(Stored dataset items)
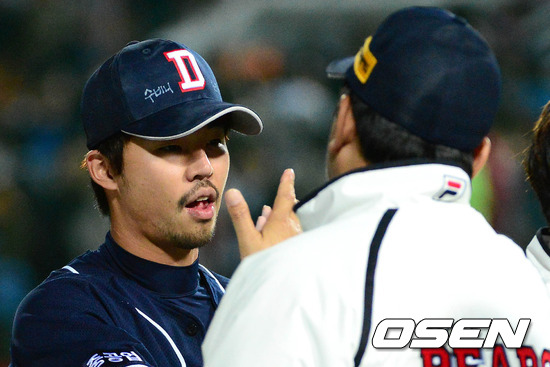 경기 종료 후 두산 오재원이 코칭스태프와 하이파이브를 하고 있다. / sunday@osen.co.kr
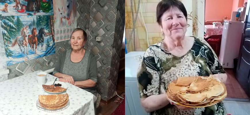 Второй день социальные работники района радуют своих подопечных главным символом праздника — румяными и горячими блинами.
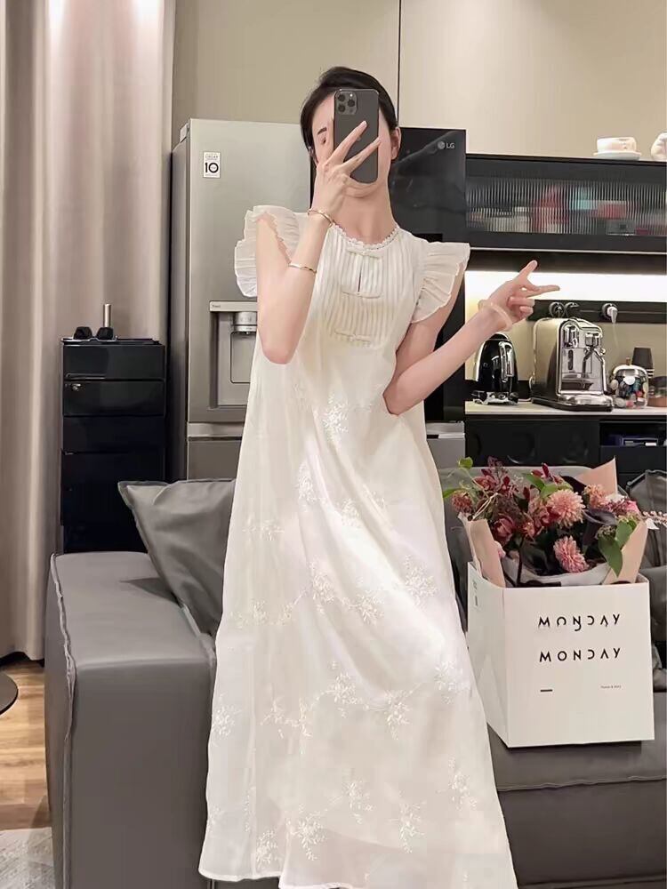 ワンピース レディース 中国風 重工ジャカード刺繡 フリル袖 ロング丈 エレガント 上品 Aライン ラウンドネック 綿混紡 ゆったりウエスト 無地 きれいめ
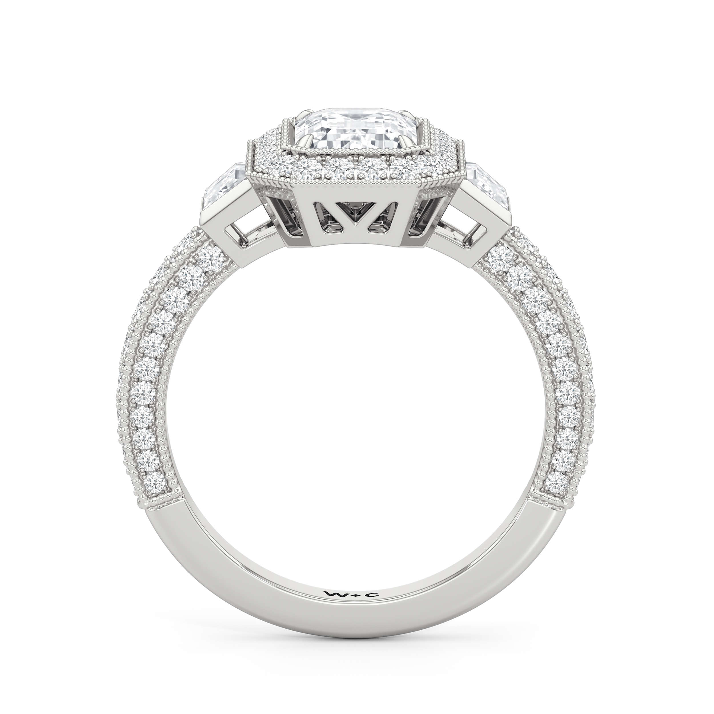 The Steinman Ring takes cues from the prominent steel arch structure that connects northern Manhattan to the Bronx. Its design is structured around the commanding lines and graceful curves of the Henry Hudson Bridge, echoing its powerful silhouette. An emerald-cut stone sits at the center of the band, framed by an octagonal halo of round diamonds and flanked by a duo of trapezoid-cut diamonds. The brilliant shine is carried through from the centerpiece to the band, with more round diamonds on baby prongs lining the three sides of the shank. Rows of tiny beads—done through a hand milgraining process—trace every edge, giving the ring the perfect blend of strength and sophistication.
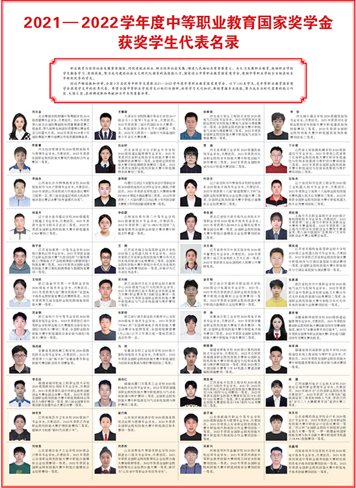 经过严格选拔和评审,全国2万名优秀中职学生荣获2021—2022学年度中等职业教育国家奖学金。以下100名学生,是中等职业教育国家奖学金获奖学生中的优秀代表。希望全国中等职业学校学生以他们为榜样,刻苦学习文化知识,熟练掌握专业技能,努力成长为时代需要的能工巧匠、大国工匠,在拼搏进取和奉献担当中书写青春华章。

WHAT TO PRODUCE – Could you reproduce the entries verbatim, leaving out all pictures?

SOLUTION BELOW –
 경기 종료 후 두산 오재원이 코칭스태프와 하이파이브를 하고 있다. / sunday@osen.co.kr
 Второй день социальные работники района радуют своих подопечных главным символом праздника — румяными и горячими блинами.
 ワンピース レディース 中国風 重工ジャカード刺繡 フリル袖 ロング丈 エレガント 上品 Aライン ラウンドネック 綿混紡 ゆったりウエスト 無地 きれいめ
 The Steinman Ring takes cues from the prominent steel arch structure that connects northern Manhattan to the Bronx. Its design is structured around the commanding lines and graceful curves of the Henry Hudson Bridge, echoing its powerful silhouette. An emerald-cut stone sits at the center of the band, framed by an octagonal halo of round diamonds and flanked by a duo of trapezoid-cut diamonds. The brilliant shine is carried through from the centerpiece to the band, with more round diamonds on baby prongs lining the three sides of the shank. Rows of tiny beads—done through a hand milgraining process—trace every edge, giving the ring the perfect blend of strength and sophistication.
 经过严格选拔和评审,全国2万名优秀中职学生荣获2021—2022学年度中等职业教育国家奖学金。以下100名学生,是中等职业教育国家奖学金获奖学生中的优秀代表。希望全国中等职业学校学生以他们为榜样,刻苦学习文化知识,熟练掌握专业技能,努力成长为时代需要的能工巧匠、大国工匠,在拼搏进取和奉献担当中书写青春华章。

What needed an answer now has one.